Big Data Analytics

Established: October 18, 2012

We conduct research in the area of algorithms and systems for processing massive amounts of data. Our work aims at pushing the boundary of computer science in the area of algorithms and systems for large-scale computations. Our mission is to achieve major technological breakthroughs in order to facilitate new systems and services relying on efficient processing of big data.

Research Areas

Database queries – How can we efficiently resolve database queries on massive amounts of input data? Here the input data may be presented in the form of a distributed data stream.

 

Machine learning – How can we efficiently solve large-scale machine learning problems? Here the input data may be massive, stored in a distributed cluster of machines.

 

Distributed computing – How can we efficiently solve large-scale optimization problems in distributed computing environments? For example, how can we efficiently solve large-scale combinatorial problems, e.g. processing of large scale graphs?

Talks

  • Small Summaries for Big Data

    Graham Cormode – AT&T Research

    July 2nd, 2012, 16:00-17:00, Microsoft Research Cambridge, Jasmine Room

    Abstract: In dealing with big data, we often need to look at a small summary to get the big picture. Over recent years, many new techniques have been developed which allow important properties of large distributions to be extracted from compact and easy-to-build summaries. In this talk, I’ll highlight some examples of different types of summarization: sampling, sketching, and special-purpose. Then I’ll outline the road ahead for further development of such summaries.

    About the speaker: Homepage (opens in new tab)

    Testing Properties of Discrete Distributions

    Tugkan Batu – London School of Economics

    May 15th, 2012, 16:00-17:00, Microsoft Research Cambridge, Lecture Theatre Small

    Abstract: In this talk, we will survey some algorithmic results for several fundamental statistical inference tasks. The algorithms are given access only to i.i.d. samples from the discrete input distributions and make inferences based on these samples. The main focus of this research is the sample complexity of each task as a function of the domain size for the underlying discrete probability distributions. The inference tasks studied include (i) similarity to a fixed distribution (i.e., goodness-of-fit); (ii) similarity between two distributions (i.e., homogeneity); (iii) independence of joint distributions; and (iv) entropy estimation. For each of these tasks, an algorithm with sublinear sample complexity is presented (e.g., a goodness-of-fit test on a discrete domain of size $n$ is shown to require $O(sqrt{n}polylog(n))$ samples). Given certain extra information on the distributions (such as the distribution is monotone or unimodal with respect to a fixed total order on the domain), the sample complexity of these tasks become polylogarithmic in the domain size.

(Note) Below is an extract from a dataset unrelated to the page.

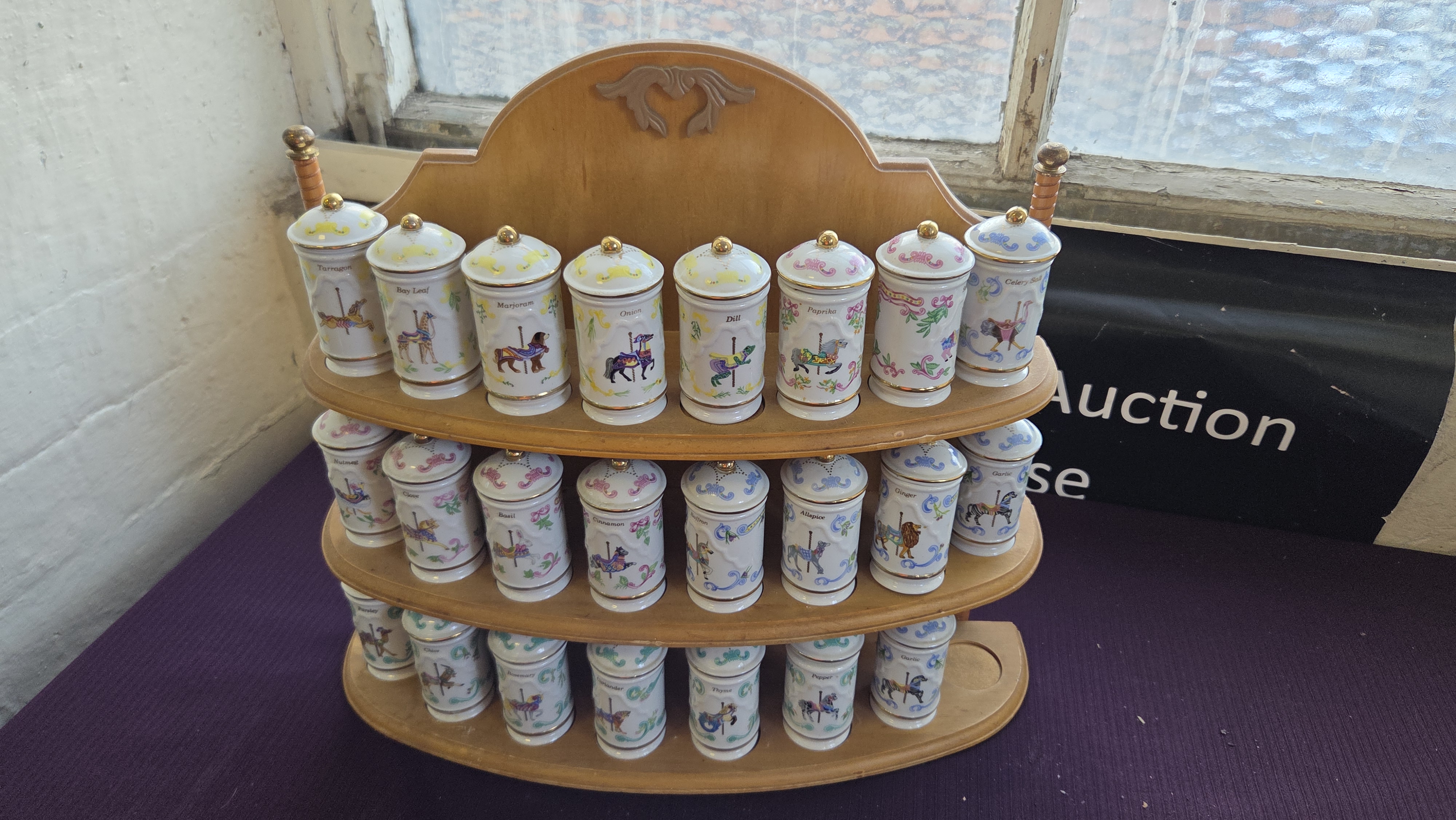 Lot 146 A Set of Lenox The Spice Carousel Fine Porcelain Spice Jars and Wooden Rack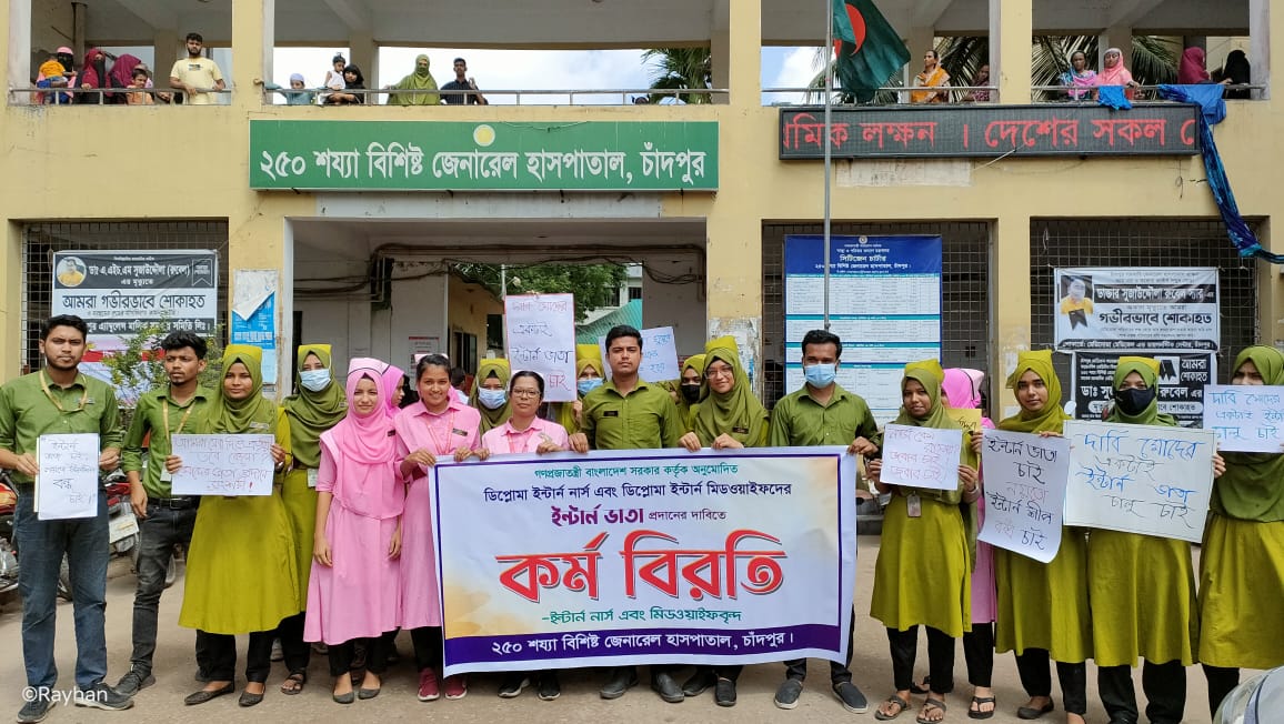 চাঁদপুরে ইন্টার্ন নার্স ও ইন্টার্ন মিডওয়াইফ ভাতার দাবীতে কর্মবিরতি ও মানববন্ধন

    About the speaker: Homepage (opens in new tab)

    Streaming Pattern Matching

    Ely Porat – Bar-Ilan University, Israel

    May 1st, 2012, 15:00-16:00, Microsoft Research Cambridge, Primrose Room

    Abstract: We present a fully online randomized algorithm for the classical pattern matching problem that uses merely O(log m) space, breaking the O(m) barrier that held for this problem for a long time. Our method can be used as a tool in many practical applications, including monitoring Internet traffic and firewall applications. In our online model we first receive the pattern P of size m and preprocess it. After the preprocessing phase, the characters of the text T of size n arrive one at a time in an online fashion. For each index of the text input we indicate whether the pattern matches the text at that location index or not. Clearly, for index i, an indication can only be given once all characters from index i till index i+m-1 have arrived. Our goal is to provide such answers while using minimal space, and while spending as little time as possible on each character (time and space which are in O(poly(log n))).

    About the speaker: Homepage (opens in new tab)

    Basic Probabilistic Load Balancing Mechanisms

    Tom Friedetzky – Durham University

    April 24th, 2012, 15:00-16:00, Microsoft Research Cambridge, Lecture Theatre Large

    Abstract: In this talk we will discuss a number of basic yet useful load balancing mechanisms for parallel and distributed computations, based on random allocation (“balls into bins”) and randomised work stealing. The focus will be on approaches that lend themselves to thorough mathematical analysis but that, due to their simplicity and general easiness on assumptions, may be considered to be good, all-purpose performers. The talk will mention theoretical results and occasionally hint at proof strategies but most parts will be accessible to a general audience.

    About the speaker: Homepage (opens in new tab)

    Large Scale Semidefinite Programming

    Alexandre d’Aspremont – Ecole Polytechnique, France

    April 17th, 2012, 15:00-16:00, Microsoft Research Cambridge, Primrose Room

    Abstract: The talk will start by a brief introduction on semidefinite programming. It will discuss some recent advances in large scale semidefinite programming solvers, detailing in particular stochastic smoothing techniques for the maximum eigenvalue function.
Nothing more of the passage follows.